- Education: the Institute of Fine Arts, NYU
- Occupation(s): Distinguished professor of art history at The Graduate Center, CUNY and Hunter College
- Known for: History of Italian modernism and cubism

= Emily Braun =

Art historian and curator

Emily Braun is a Canadian-born art historian, curator and distinguished professor of art history at Hunter College and the Graduate Center of the City University of New York. Braun is a specialist in the history of modern European art and is known for her contributions to the study of Italian modernism and cubism. In addition to her academic work, Braun has served as the curator of the Leonard A. Lauder Collection of Cubist Art.

== Biography ==

Braun received her Ph.D. in art history from The Institute of Fine Arts, NYU in 1991. Her academic work examines the interaction between political ideologies and visual representation in Europe, theories of viewer reception, the ideas of gender and otherness in art criticism, history of exhibitions and history of collecting, as well as the relationship between Cubism and popular culture. She has written on the work of European modern artists, including Gustav Klimt, Georges Braque, Pablo Picasso, and Alberto Burri among others. She is the author of Mario Sironi and Italian Modernism: Art and Politics under Fascism, published by Cambridge University Press in 2000, which The Journal of Modern History described as "a work that is as indispensable for cultural historians of twentieth-century Europe as it is for historians of the visual arts".

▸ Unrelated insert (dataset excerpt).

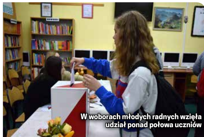
W woborach młodych radnych wzięła udział ponad połowa uczniów

trzech przedstawicieli SP 1, SP 5, SP 9, ZS nr 2 oraz po dwóch przedstawicieli SP 3, ZS nr 1 i 3 oraz I LO, a także przedstawiciel II LO.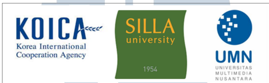
Gambar 2.2. KSU 4IRTC

Pada tahun 2021, KOICA bekerja sama dengan Silla University dan UMN menjalin kerja sama dengan mendirikan program KSU 4IRTC. Program ini dikhususkan untuk meningkatkan perkembangan SDM Indonesia dan juga perkembangan Indonesia khususnya pada bidang Smart Factory dan Cloud & Big Data .

Emily Braun has also been active as a curator. Her exhibitions include Alberto Burri: The Trauma of Painting at the Solomon R. Guggenheim Museum, which was honored with the 2016 Dedalus Foundation Exhibition Catalogue Award, The Power of Conversation: Jewish Women and Their Salons (co-curator, 2005, The Jewish Museum, New York), which received a National Jewish Book Award, Gardens and Ghettos: The Art of Jewish Life in Italy (co-curator, 1989, The Jewish Museum, New York) and De Chirico and America (1996, Bertha and Karl Leubsdorf Gallery, Hunter College) which she organized with her graduate students at Hunter College.

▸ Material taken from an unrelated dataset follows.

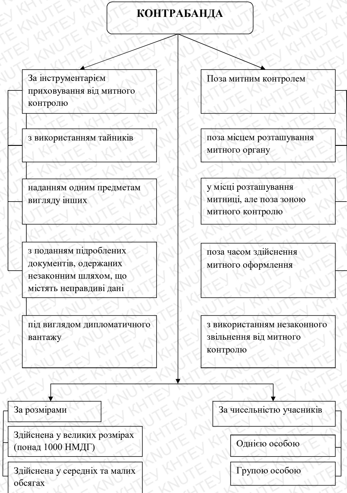
Рис. 3.1. Типологія поняття «контрабанда» з врахуванням особливостей дій її здійснення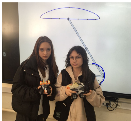
Работы своими руками

Если школы в Краснодаре строятся, то колледжи и высшие учебные учреждения нет. При растущем населении возрастает и конкуренция. На престижные специальности конкурс может достигать свыше 20 человек на место. Это говорит о том, что оценки в аттестате за 9 класс и баллы ЕГЭ играют важную роль, а значит, нужно учиться на отлично, чтобы успешно конкурировать с другими абитуриентами. Осознание серьезности положения – лучшая мотивация к учебе.

== Leonard A. Lauder Collection of Cubist Art ==

Braun has served as the Curator of the Leonard A. Lauder Collection of Cubist Art since 1987. In 2014, she co-organized the exhibition of Lauder's holdings of Cubism at The Metropolitan Museum of Art in New York together with Rebecca Rabinow. Described by The New York Times as "one of the world's greatest collections of Cubist art", it includes 81 works by Pablo Picasso, Georges Braque, Fernand Léger, and Juan Gris. In 2013, Lauder promised the collection as a gift to the Met. Valued at over $1 billion, Lauder's contribution constitutes one of the largest gifts in the museum’s history.